I've had some 8 cow moments in my life.

Like when my college boyfriend admitted to me that he liked me.

Like when my dream crush from years and years ago kissed me.

Like when Isaac said he wanted to marry me.

Those were moments when the worth others saw in me boosted my worth in my own eyes. And honestly, those moments still boost me. When I feel really bad, I remind myself of those very times.

When I talked to Ronda about this later, she said she didn't know I struggled this deeply - but she also said this, which was so very true and needed. What did God pay for YOU? He thought you were worth a LOT more than 8 cows!

I'm ashamed that there are times when those 3 nails mean less to me than 8 cows.

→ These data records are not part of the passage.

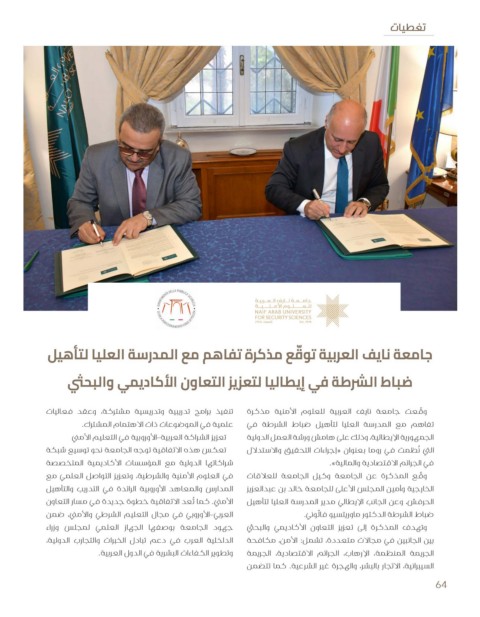 تنفيذ برامج تدريبية وتدريسية مشتركة ،وعقد فعاليات و ّّقعت جامعة نايف العربية للعلوم الأمنية مذكرة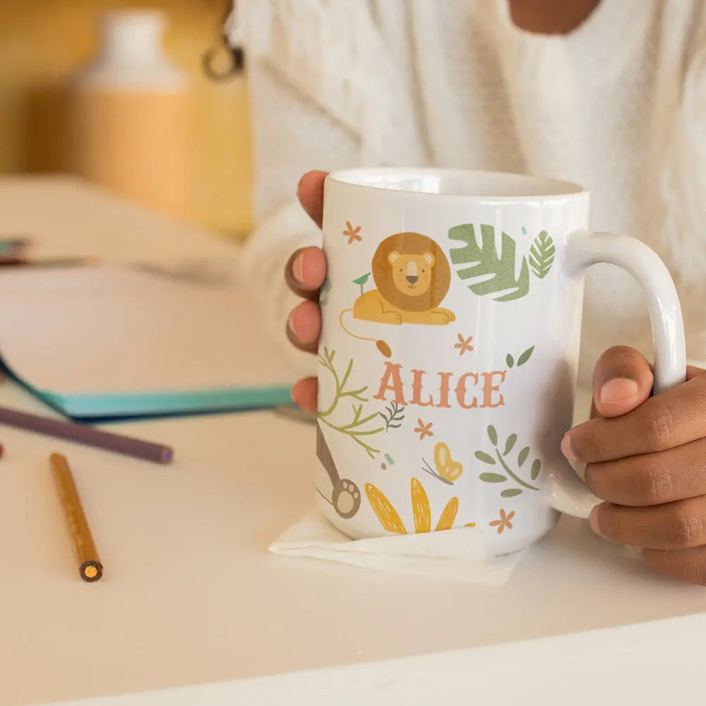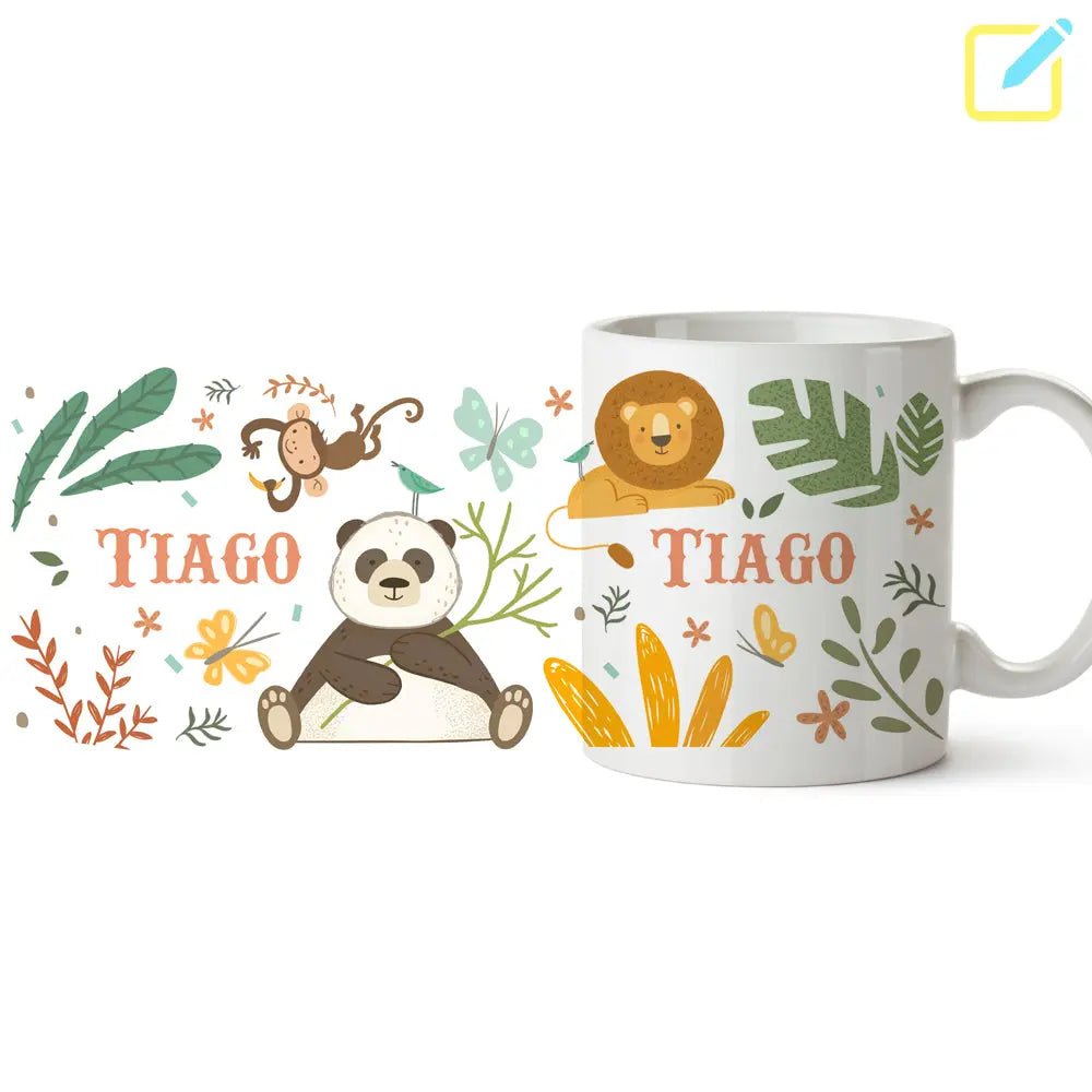 Mug enfant personnalisable avec prénom | tasse en céramique | Animaux de la jungle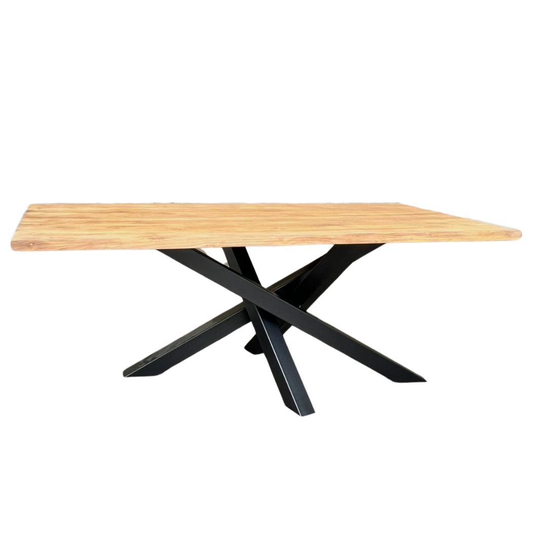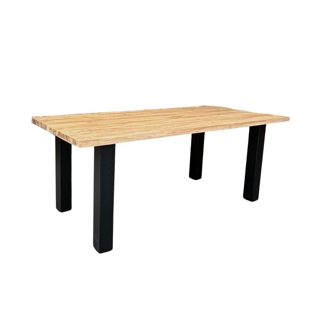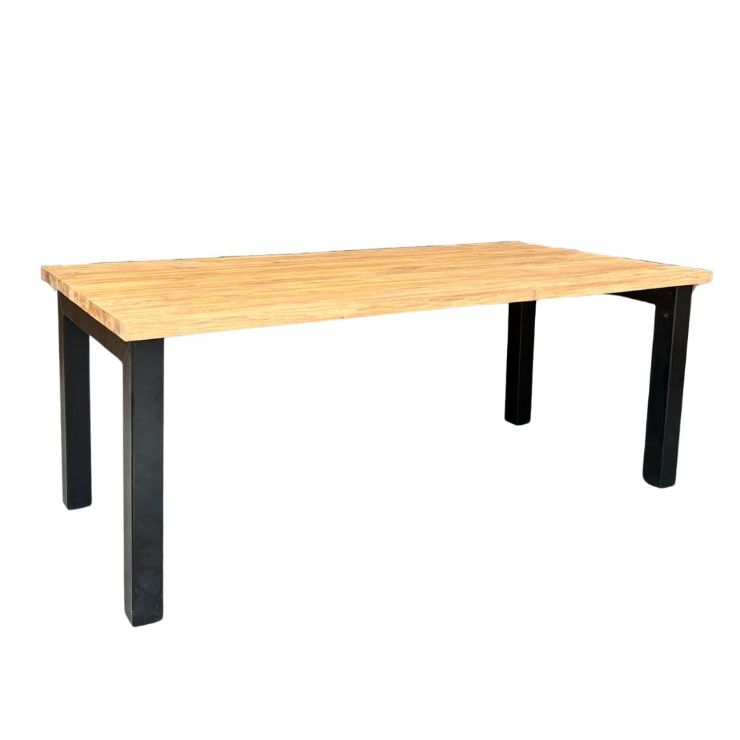 De tafel is gemaakt van de beste kwaliteit gerecycled teakhout met een fsc keurmerk. Het tafelblad heeft een geborsteld blad wat de tafel een robuuste maar natuurlijke uitstraling geeft. De rand van het blad is recht.
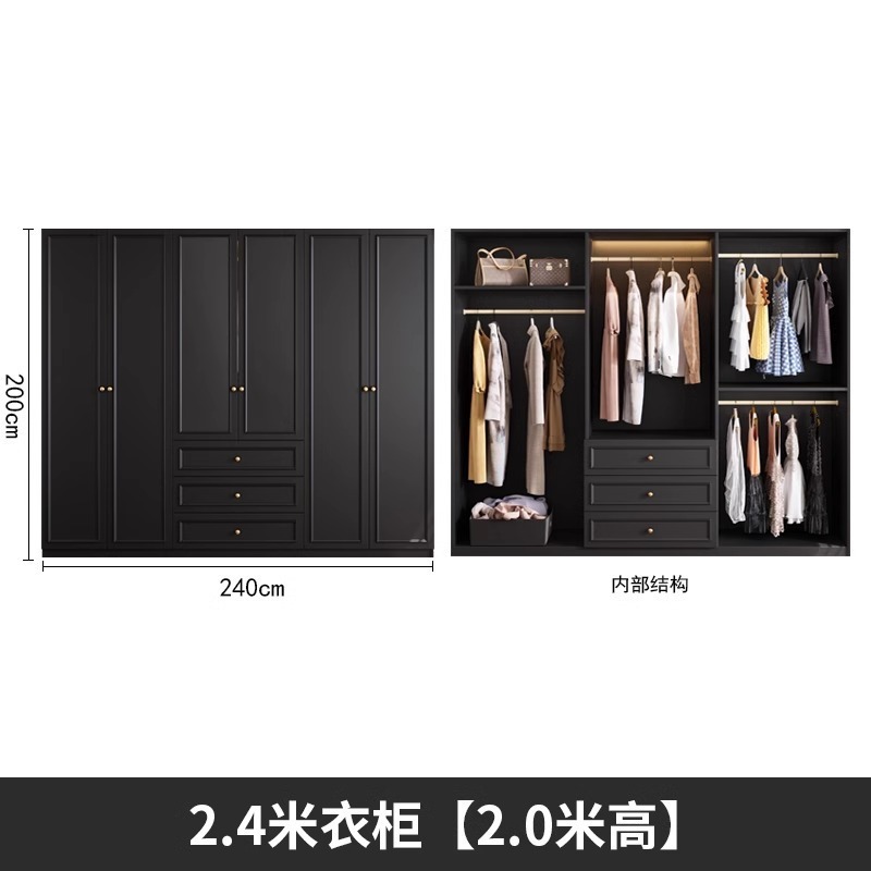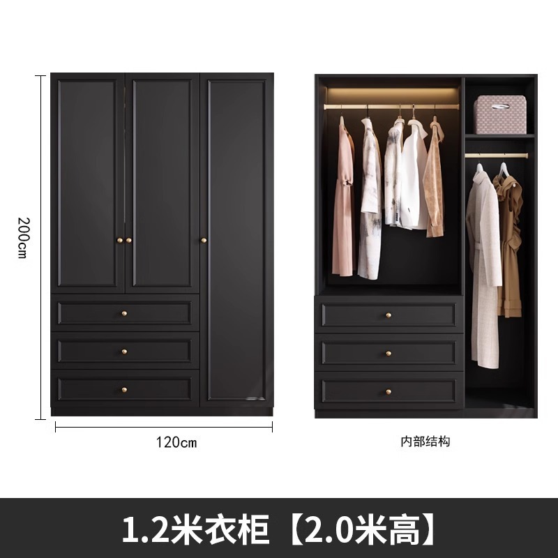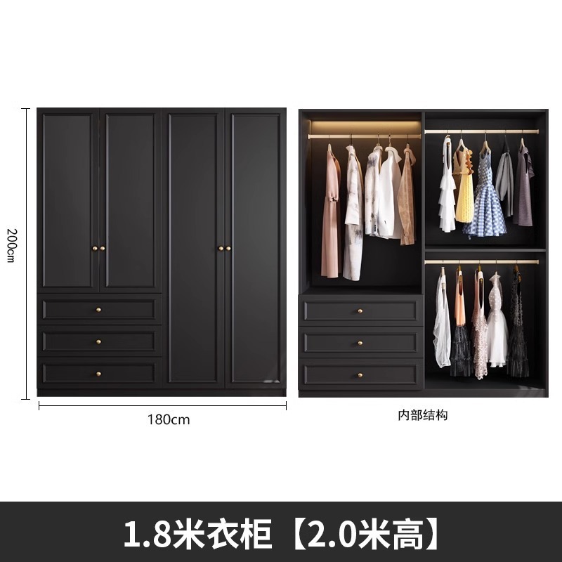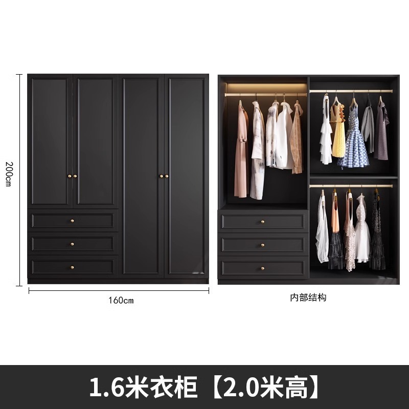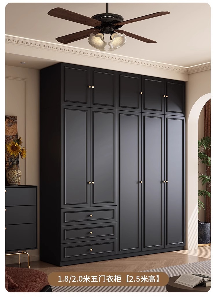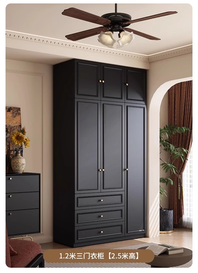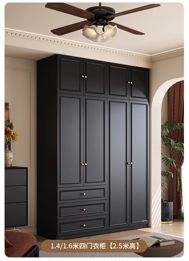 중세 스타일 프랑스 검은 옷장 홈 침실 작은 아파트 미국 클래식 복고풍 스타일 옷장 완제품 대형 옷장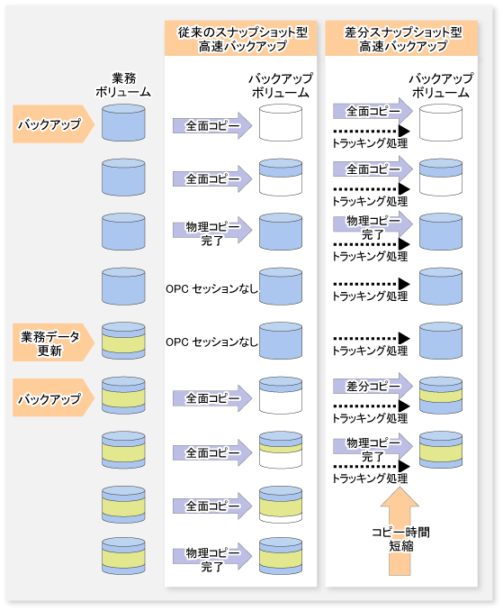 OPCを利用したスナップショット型高速バックアップでは、バックアップ(OPC)を起動するたびに業務ボリューム全体をバックアップボリュームへコピーする必要がありました。しかし、同じ業務ボリュームとバックアップボリュームのペアを使用する限り、業務ボリューム全体を毎回物理コピーする必要はなく、前回のバックアップ起動時点からの差分データだけを物理コピーすることで完全なスナップショットイメージを作成できるため、物理コピー時間を大幅に短縮できます。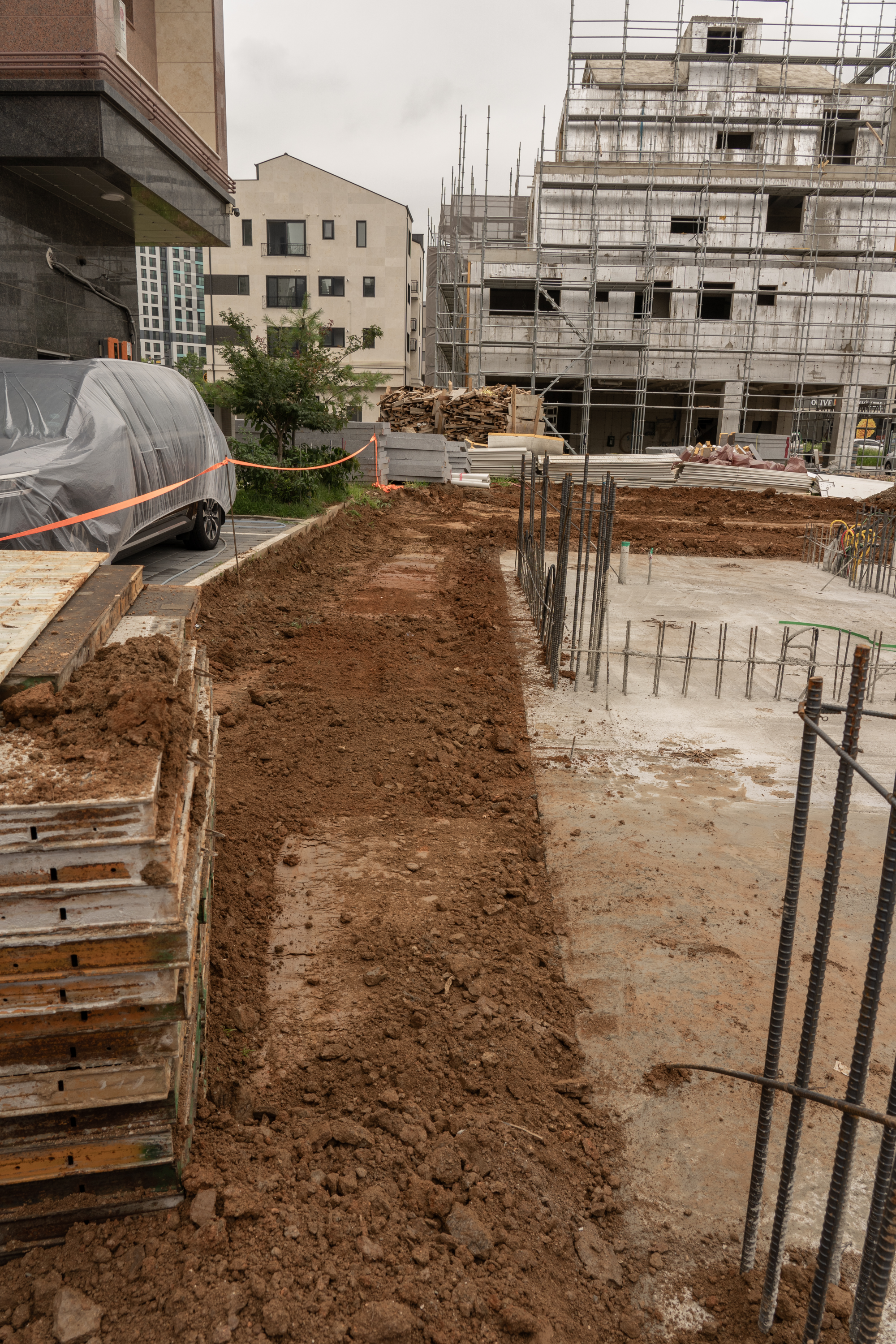 그렇듯 기초공사 틀 주변부 되메우기 시 흙을 채우고 단단하게 다져 지내력을 높이는 것에 신경 써야 하며 빗물 배수(물 빠짐)가 잘 이루어져야 합니다. 이것은 빗물 고임으로 발생하는 지반침하와 안전사고를 사전에 예방할 수 있는 가장 기본적인 내용입니다.

But I'm human. I'm a girl. I want to be an 8 cow wife. Yet right now I know...God wants me to find my worth in those 3 nails.

4 comments:

Julie said...

That Ronda. She's a keeper!

Bekah said...

Isn't she though? I just love her.

Phats said...

OK the smartbutt(see for you I didn't say the word!) in me wants to point out shouldn't one of those defining moments be winning a a round of dutch blitz?! haha but then I look like a jerk :)

When did Dan Jansen kiss you!?!?!

Bekah said...

Phats. 1) Thanks for keeping it clean. 2) How did I miss the defining moment of winning a round???????? That was obviously an oversight on my part. 3) THAT made me laugh really hard. I totally deserved that. But it wasn't Dan. Sorry to disappoint you. LOL!!!!!